Eramuslim – DARI Abu Bakar ash-Shiddiq, beliau berkata, “Aku melihat tapak kaki kaum musyrikin ketika kami bersembunyi di dalam gua, dan orang-orang tersebut tepat di atas kepala kami. Lalu aku berkata, ‘Ya Rasulullah, andaikata seorang dari mereka itu melihat ke bawah kakinya maka pasti mereka akan melihat tempat kita ini. Beliau saw bersabda, Wahai Abu bakar, apakah engkau mengira bahwa kita hanya berdua? Allah adalah yang ketiga dari kita ini.”(HR. Imam Bukhari dan Muslim)

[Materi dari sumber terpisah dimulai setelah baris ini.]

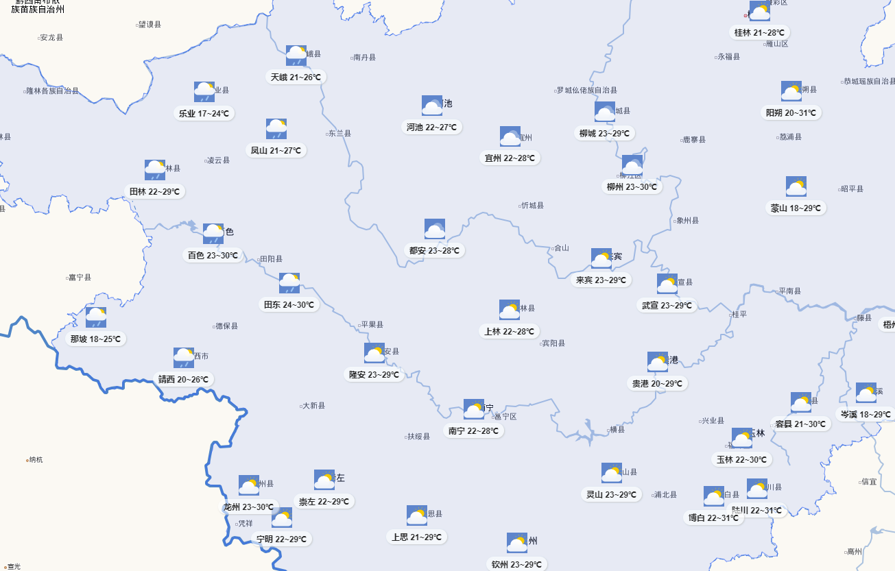 廣西天氣上,2022年5月1到16日,廣西平均氣溫21.3℃,比常年同期偏低3.4℃,為1951年有氣象記錄以來(lái)最低值,刷新了1991年同期21.7℃的最低紀(jì)錄。各地平均氣溫17.5(樂(lè)業(yè))~23.8(合浦)℃,共有64個(gè)縣(市、區(qū))的平均氣溫為有氣象記錄以來(lái)最低。

Nah, saudaraku. Kalau kita misalnya menyebut Allah sebagai yang ketiga’, seperti pada hadits tersebut, maka jangan membayangkan kita menjadi bertiga dengan Allah dalam bentuk sebagaimana kita sehari-hari. Karena Allahu Ahad itu bukan berarti angka satu” dalam bilangan kita.
Kalau angka satu bilangan kita dapat ditemui dari mana saja. Misalnya setengah ditambah setengah, dua dikurang satu, sepertiga dikali tiga, atau dua dibagi dua. Satunya kita bisa penjumlahan, pengurangan, pengalian dan pembagian. Tapi Allahu Ahad tidak bisa dari sisi mana pun.
Allahu Ahad berbeda dengan satu-nYa kita. Maksudnya, Allah tidak harus wujud. Seperti sekarang saudara sedang membaca tulisan ini, Allah pasti hadir dan menyaksikan. Misalkan saat membaca tulisan ini saudara sendirian, maka saudara bisa menyebut Allah sebagai yang kedua. Saudara sedang berdua dengan Allah.
Tidak sulit bagi kita meyakini sesuatu yang tidak terlihat. Seperti udara dan gaya gravitasi, kita meyakininya ada meski tidak tampak. Sama dengan elektron, proton, atau listrik juga tidak tampak, mungkin baru terlihat ketika ada yang salah pegang kabel.